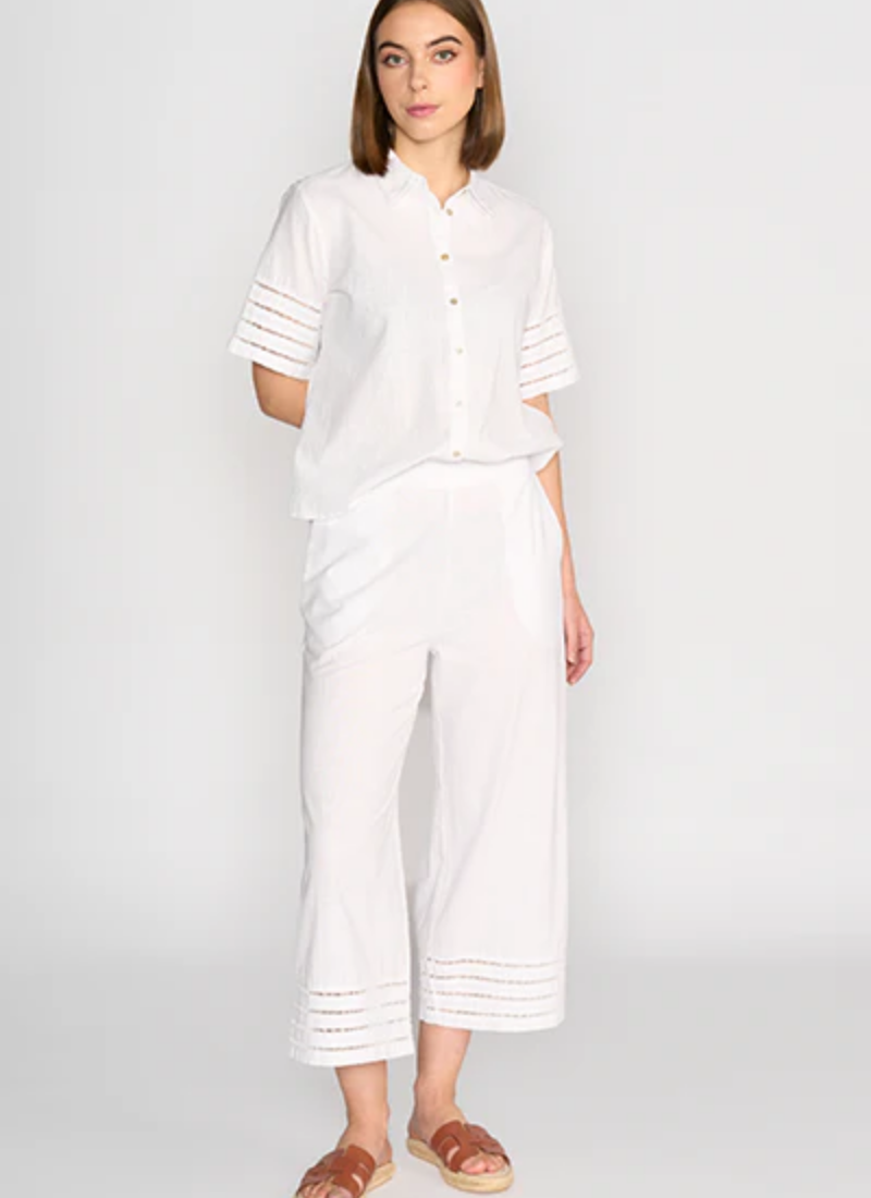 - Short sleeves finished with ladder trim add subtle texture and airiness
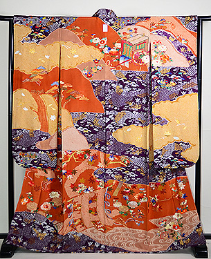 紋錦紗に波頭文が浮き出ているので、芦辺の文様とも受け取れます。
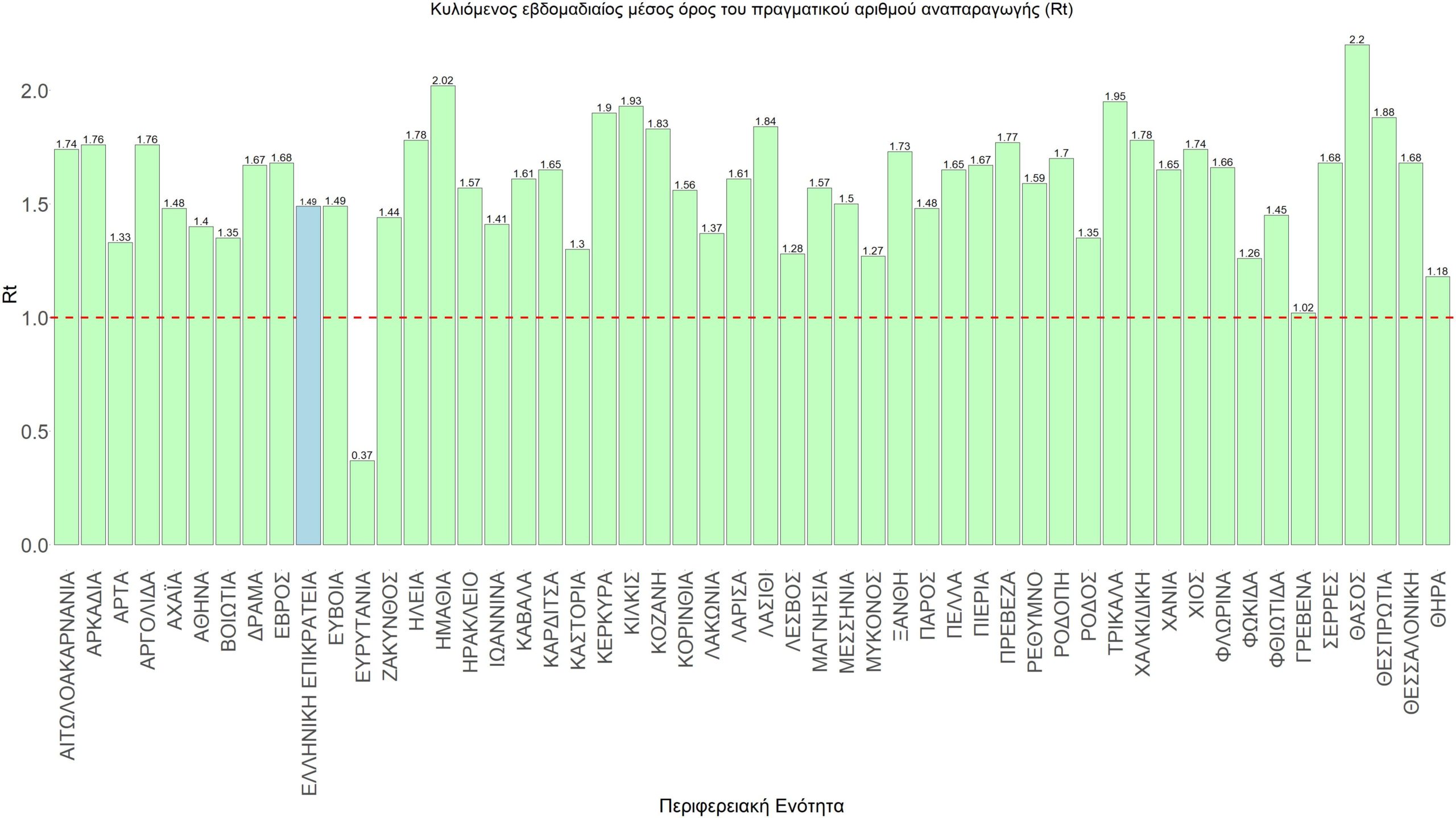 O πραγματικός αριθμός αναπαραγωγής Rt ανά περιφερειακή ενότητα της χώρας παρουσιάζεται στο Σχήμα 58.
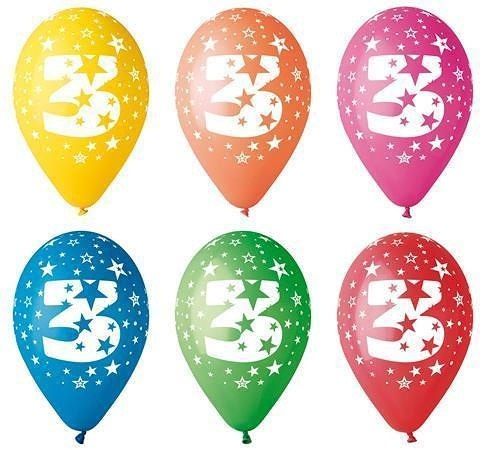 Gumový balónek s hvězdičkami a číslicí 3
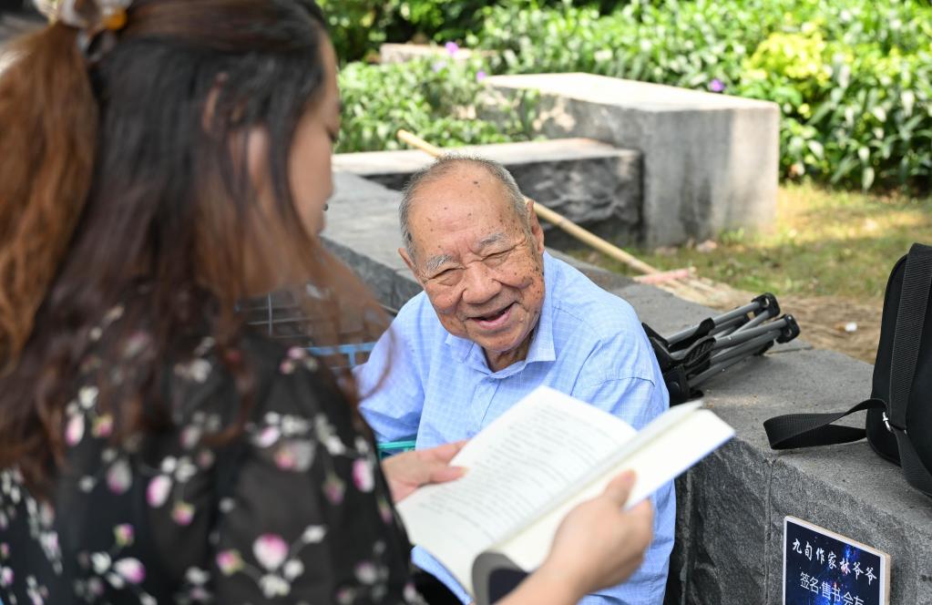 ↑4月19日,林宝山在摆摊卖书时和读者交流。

● ● ● ●

What is being asked =
Reproduce the listing exactly. Do not include its images.

Output of the task =
 - Short sleeves finished with ladder trim add subtle texture and airiness
 紋錦紗に波頭文が浮き出ているので、芦辺の文様とも受け取れます。
 O πραγματικός αριθμός αναπαραγωγής Rt ανά περιφερειακή ενότητα της χώρας παρουσιάζεται στο Σχήμα 58.
 Gumový balónek s hvězdičkami a číslicí 3
 ↑4月19日,林宝山在摆摊卖书时和读者交流。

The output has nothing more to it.